All but the youngest member of the group, whose ages ranged from 13 to 19, were imprisoned on death row after false accusations from the women and convictions by all-white juries. All were eventually freed without executions, although several suffered for many years in prison.
One, Haywood Paterson, escaped. While a fugitive, he helped publish a book about the case. Patterson was captured soon after, but the governor of Michigan refused his extradition to Alabama in 1950.
Over time, the case became a symbol of the tragedies wrought by racial injustice. It inspired popular songs, books and films.
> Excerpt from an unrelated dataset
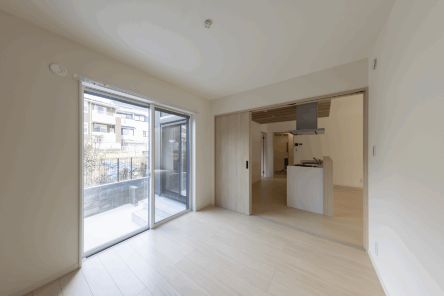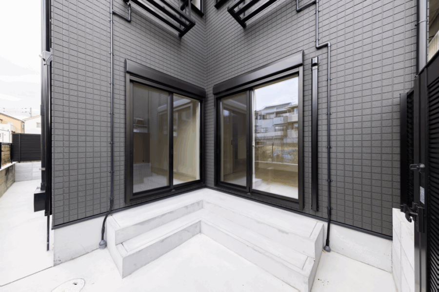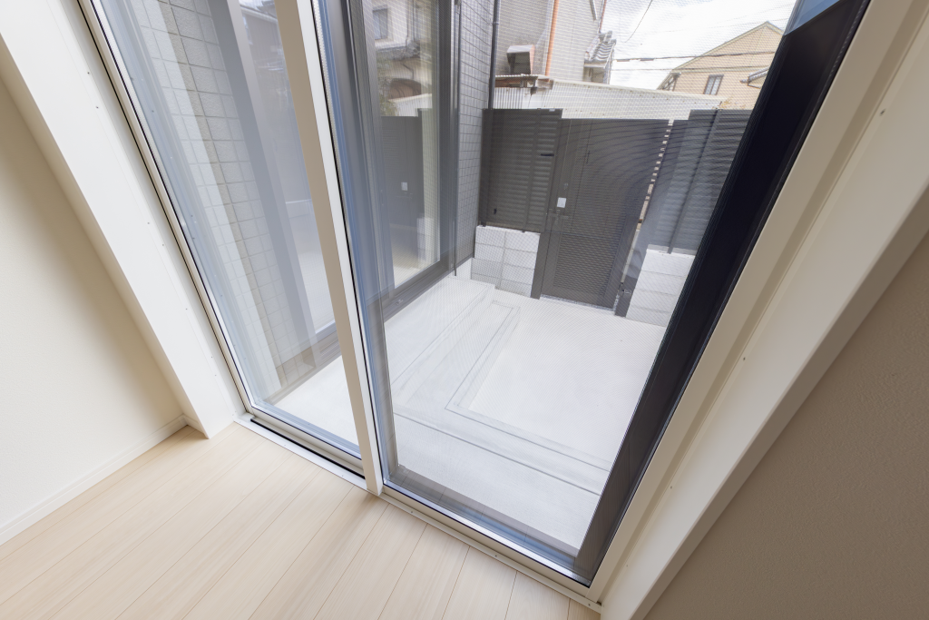 1階のお部屋からは、建物の表側・裏側どちらにも庭を配置。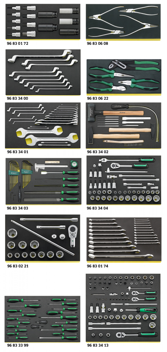 Dílenská sada pro nákladní vozidla Mercedes - Benz 264 Werkzeuge, in TCS-Einlagen, 3x1/3, 1x2/3 und 8x3/3 Einlagen für 10 Schubladen (Nr. 98VA für 5 Schubladen). --------------------------------------------------------------------------------------------------------------------------------------- Nr. 10 SW 6 x 7; 8 x 9; 10 x 11; 12 x 13; 14 x 15; 16 x 17; 18 x 21; 19 x 22; 24 x 27; 30 x 32; 34 x 36; 36 x 41 mm Nr. 13 SW 6; 7; 8; 9; 10; 11; 12; 13; 14; 15; 16; 17; 18; 19; 21; 22; 24; 27; 30; 32; 34 mm Nr. 20 SW 6 x 7; 8 x 9; 10 x 11; 12 x 13; 14 x 15; 16 x 17; 18 x 19; 20 x 22; 21 x 23; 24 x 26; 25 x 28; 27 x 32; 30 x 32; 36 x 41 mm Nr. 40 1/4" [a SW 4; 5; 5,5; 6; 7; 8; 9; 10; 11; 12; 13; 14 mm Nr. 41K 1/4" [a, [r 0,6 x 3,5; 1,0 x 5,5; 1,2 x 8 mm Nr. 44K 1/4" [a, [E 3; 4; 5; 6; 8 mm Nr. 44P 1/4" [a, [k Gr. 1; 2 Nr. 44PZ 1/4" [a, [l Gr. 1; 2 Nr. 400 1/4" [D 150 mm Nr. 404 1/4" [D 116 mm Nr. 405/2 1/4" [D [a 54 mm Nr. 405/6 1/4" [D [a 150 mm Nr. 407 1/4" [D [a 38 mm Nr. 409 3/8" [D 1/4" [a Nr. 412 1/4" [b [a Nr. 415 1/4" [D Nr. 415B 1/4" [b Nr. 456 3/8" [a SW 10; 11; 12; 13; 14; 15; 16; 17; 18; 19; 21; 22 mm Nr. 427/3 3/8" [D [a 76 mm Nr. 427/6 3/8" [D [a 160 mm Nr. 427/10 3/8" [D [a 240 mm Nr. 428 3/8" [D [a 46 mm Nr. 431 1/4" [D 3/8" [a Nr. 432 1/2" [D 3/8" [a Nr. 435 3/8" [D Nr. 442 1/4" [b 3/8" [a Nr. 50 1/2" [a SW 10; 11; 12; 13; 14; 15; 16; 17; 18; 19; 20; 21; 22; 23; 24; 26; 27; 28; 30; 32; 34 mm Nr. 54 1/2" [a SW 5; 6; 7; 8; 10; 12; 14; 17; 19 mm Nr. 51IMP 1/2" [a SW 24; 27 mm Nr. 2309 1/2" [a SW 22 mm Nr. 2309K 1/2" [a SW 17; 19 mm Nr. 54X 1/2" [a Gr. M6; M8; M10; M12; M14; M16 Nr. 509/2 1/2" [D [a 52 mm Nr. 509/5 1/2" [D [a 130 mm Nr. 509/10 1/2" [D [a 255 mm Nr. 509W/2 1/2" [D [a 52 mm Nr. 509W/5 1/2" [D [a 130 mm Nr. 509W/10 1/2" [D [a 255 mm Nr. 504/15 1/2" [D 397 mm Nr. 506 1/2" [D 300 mm Nr. 510 1/2" [D [a 71 mm Nr. 512 1/2" [D Nr. 513 3/8" [D 1/2" [a Nr. 514 3/4" [D 1/2" [a Nr. 55 3/4" [a SW 22; 24; 27; 30; 32; 34; 36; 38; 41; 46; 50 mm Nr. 552 3/4" [D Nr. 556 3/4" [D Nr. 559/8 3/4" [D [a 200 mm Nr. 559/16 3/4" [D [a 400 mm Nr. 558 510 mm Nr. 568 1/2" [D 3/4" [a Nr. 21TX Gr. E6 x E8; E10 x E12; E14 x E18; E20 x E24 Nr. 40TX 1/4" [a Gr. E4; E5; E6; E7; E8 Nr. 45TX 3/8" [a Gr. E10; E12; E14 Nr. 49TX 3/8" [a Gr. T40; T45 Nr. 50TX 1/2" [a Gr. E11; E16; E18; E20; E24 Nr. 54TX 1/2" [a Gr. T50; T55; T60 Nr. 1410 Gr. T6 Nr. 1411 Gr. T7 Nr. 1412 Gr. T8 Nr. 1413 Gr. T9 Nr. 1440 Gr. T10 Nr. 1441 Gr. T15 Nr. 1442 Gr. T20 Nr. 1443 Gr. T25 Nr. 1444 Gr. T27 Nr. 1445 Gr. T30 Nr. 1446 Gr. T40 Nr. 1427 Gr. T25 (65 mm) Nr. 4620 Gr. 1 (0,6 x 3,5 x 75 mm)Gr. 2 (0,8 x 4,0 x 100 mm)Gr. 4 (1,2 x 6,5 x 150 mm) Nr. 4621 Gr. 1 (0,5 x 3,5 x 90 mm)Gr. 2 (1,2 x 8,0 x 160 mm) Nr. 4630 Gr. 1; 2; 3 Nr. 4640 Gr. PZ1; PZ2 Nr. 4650 Gr. T6; T7; T8; T9; T10; T15; T20; T25; T27; T30 Nr. 4724 Gr. 2 (1,0 x 5,5 x 25 mm) Nr. 4734 Gr. 2 Nr. 10766 Gr. T6; T7 Nr. 10767/9 SW 1,5; 2; 2,5; 3; 4; 5; 6; 8; 10 mm Nr. 10771/8 Gr. T9; T10; T15; T20; T25; T27; T30; T40 Nr. 65 01 5 180 Nr. 65 29 5 200 Nr. 65 43 4 002 Nr. 65 44 4 021 Nr. 65 45 4 002 Nr. 65 46 4 021 Nr. 65 72 6 240 Nr. 66 02 5 160 Nr. 102 150; 200 mm Nr. 105 120 x 12 mm Nr. 108 150 x 3; 150 x 4; 150 x 5; 150 x 6; 150 x 8 mm Nr. 10669 Nr. 10957 [O 50 mm Nr. 10960 500; 1000 g Nr. 12025 210 mm Nr. 12030 260 mm Nr. 12035 210 mm Nr. 12036 260 mm Nr. 12374 Nr. 12600 3000 g Nr. 12718 Nr. 12900N Nr. 12900/3 Nr. 12935/3 3 m ---------------------------------------------------------------------------------------------------------------------------------------

A Broadway musical was staged in 2010, the same year a museum dedicated to the case opened in Scottsboro.
The legal saga also set important legal precedents, including a Supreme Court decision that outlawed the practice of systematically excluding black people from juries.
The last of the men died in 1989.
The House approved the legislation Thursday morning in a 103-0 vote. The measure earlier passed the Senate 29-0.
"This is a great for Alabama. It was long overdue," said Democratic Rep. Laura Hall of Huntsville, who sponsored the bill in the House.
House Speaker Mike Hubbard, a Republican, said, "You can't change history, but you can take steps to right the wrongs of the past. The fact that this passed unanimously shows that today's 21st century Alabama is far removed from the one that caused such pain for so many so long ago."
That distance is still being measured.
Benjamin Todd Jealous, president and CEO of the NAACP, applauded the correction of "an historic miscarriage of justice." But he noted that Alabama is involved in a Supreme Court case over the Voting Rights Act and has passed laws that critics say are discriminatory against immigrants in the country illegally.
"Like so many communities that have had tried to move beyond their ugliest chapters, Alabama has learned you can only move forward if you are honest about your past," Jealous said. "It's heartening that this was a unanimous vote."
"Unfortunately," he continued, "Alabama still needs to confront its present."